Sabato 21 aprile Sea-Watch ha soccorso un gommone in difficoltà a 65 miglia nautiche a nord della costa libica, nel corso di una difficile operazione che ha visto momenti di tensione quando le persone, stipate sul gommone, hanno visto l’arrivo della Guardia costiera libica, le cui intenzioni annunciate erano quelle di riportarle in Libia. Dopo aver soccorso diverse persone dall’acqua, ove si sono gettate rischiando di morire pur di tentare di non ritornare in Libia, Sea-Watch è riuscita a concludere il soccorso portando in salvo 94 persone, di cui 21 donne e 2 neonate, una di soli 16 giorni di vita.
Lo staff medico a bordo ha riportato una condizione generale di debilitazione. Le persone sono state soccorse in evidente stato di disidratazione e malnutrizione, conseguenze di lunghi e duri periodi in condizione di cattività in Libia.
Le testimonianze raccolte riportano casi di intercettazioni multiple in mare, tutte raccontano di violenza subita in Libia e esperienze di (anche lunghi) periodi di prigionia.
Un ragazzo etiope di 25 anni dichiara di essere fuggito dal suo paese come prigioniero politico e di avere trascorso 10 mesi rinchiuso con altre circa 500 persone a Beni Walid, dove ha visto morire 82 persone. Una per Una.
“Eravamo obbligati a scavare fosse comuni nel deserto per sotterrare i cadaveri delle persone che man mano morivano”. “Fino a che non c’erano almeno 3 cadaveri nella stanza in cui stavamo ammassati, i corpi non venivano spostati”.
Ci racconta di veri e propri mercati di schiavi, luoghi ben precisi, dove le persone vengono divise in file di 10-40 persone in base alla nazionalità, e vendute per 200-800 dinari libici. “Ci vendono come capre”.
La compravendita avviene per impiegare le persone, soprattutto i cittadini provenienti dall’Africa sub-sahariana, in svariate attività di lavoro forzato e/o per estorcere loro denaro ricattandoli, costringendoli sotto tortura a chiamare le famiglie, chiedendo altro denaro per la loro liberazione.

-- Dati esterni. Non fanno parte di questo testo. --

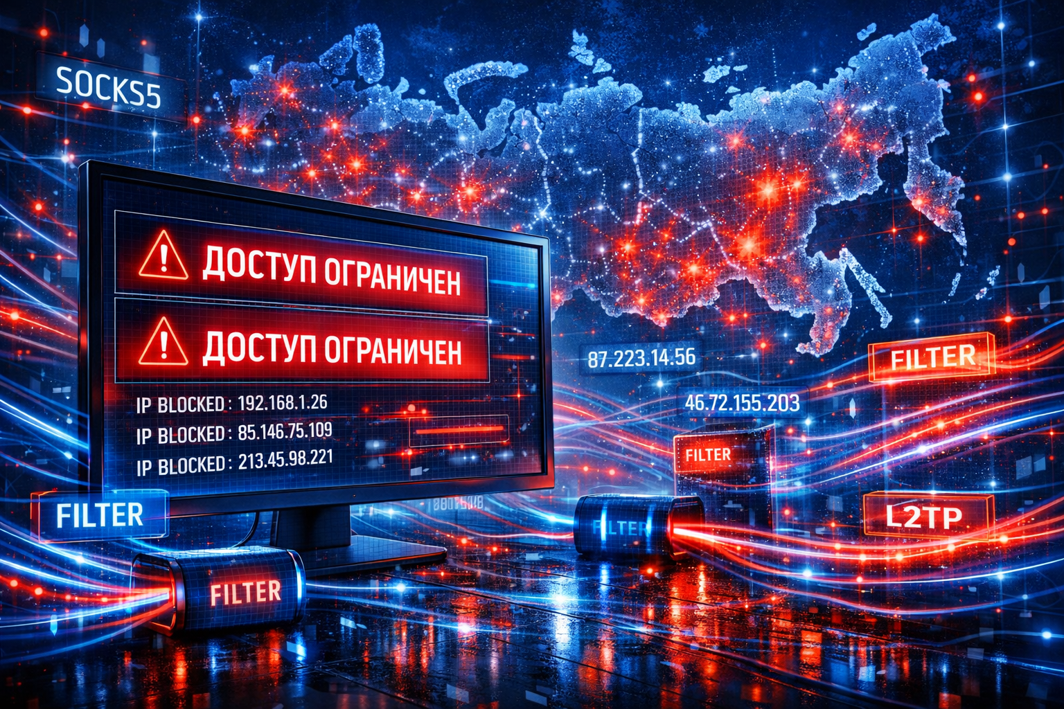 По российскому законодательству VPN обязаны блокировать доступ к запрещённым сайтам, иначе сами сервисы попадают под ограничения. С декабря 2025 года Роскомнадзор начал активнее блокировать дополнительные протоколы, включая SOCKS5, VLESS и L2TP. С сентября 2025 года действует запрет на рекламу VPN-программ, штрафы за нарушение которого могут достигать 500 тыс. рублей для юридических лиц.
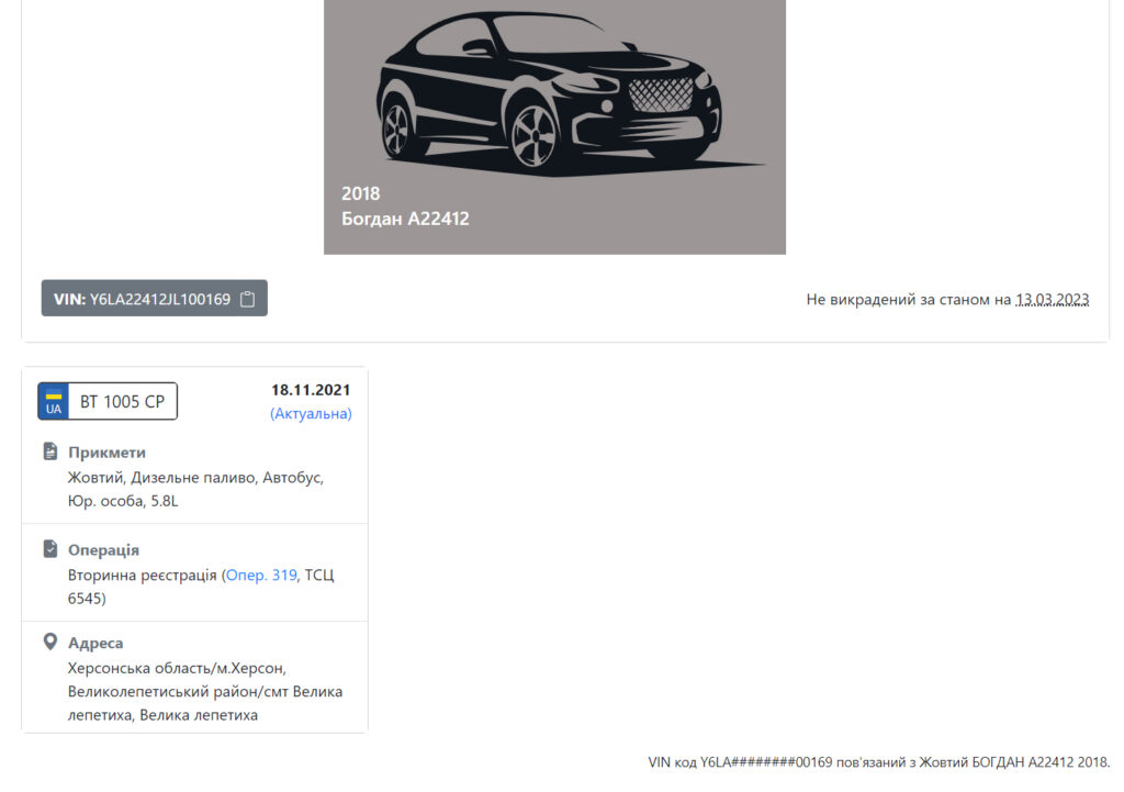Інформація про цей автобус є у відкритих джерелах: OpenDataUA та деяких інших. Тому шляхом нескладної перевірки можна з’ясувати, що цей автобус 2018 року випуску зареєстрований 18 листопада 2021 року в селищі Велика Лепетиха.
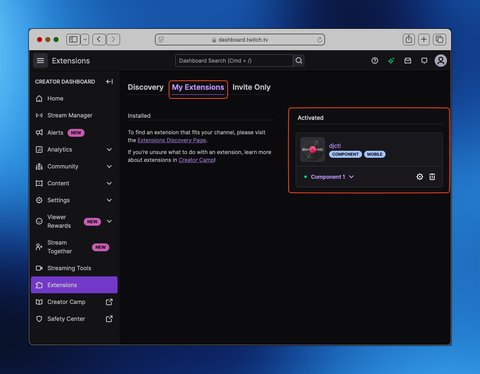 You can confirm your extension is active through the “Creator Dashboard” in the “My Extensions” section. Notice the djctl extension is marked as “Activated” and assigned to “Component 1”.
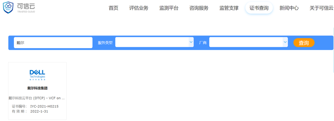 戴尔科技云平台(DTCP)- VCF onVxRail评估及可信云认证证书查询方式:
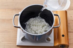 鍋にご飯、Aを入れて火にかけ、煮立ったら、弱火にして10分ほど煮る。 -

Il ragazzo etiope racconta di aver cercato di scappare dalla Libia via mare per 3 volte.
“Questo denota come le politiche europee di contenimento e respingimento sulla rotta libica non facciano altro che alimentare e rendere più feroce il ciclo di abusi e violenze a danno delle persone che cercano di scappare dalla Libia, dove il traffico di esseri umani sembra avere assunto i tratti di un vero e proprio mercato di schiavi”, commenta Giorgia Linardi, portavoce di Sea-Watch in Italia.
E aggiunge “una persona cerca di scappare, viene intercettata in mare, rimandata indietro forzatamente, imprigionata, torturata, estorta più e più volte, fino a soccombere, a causa del devastante impatto fisico e psicologico di queste esperienze. Oppure, se è fortunata e riesce a sfuggire alle maglie del sistema di contenimento e respingimenti messo in atto dall’Europa, è soccorsa in mare da un assetto Europeo e portata in un luogo sicuro”.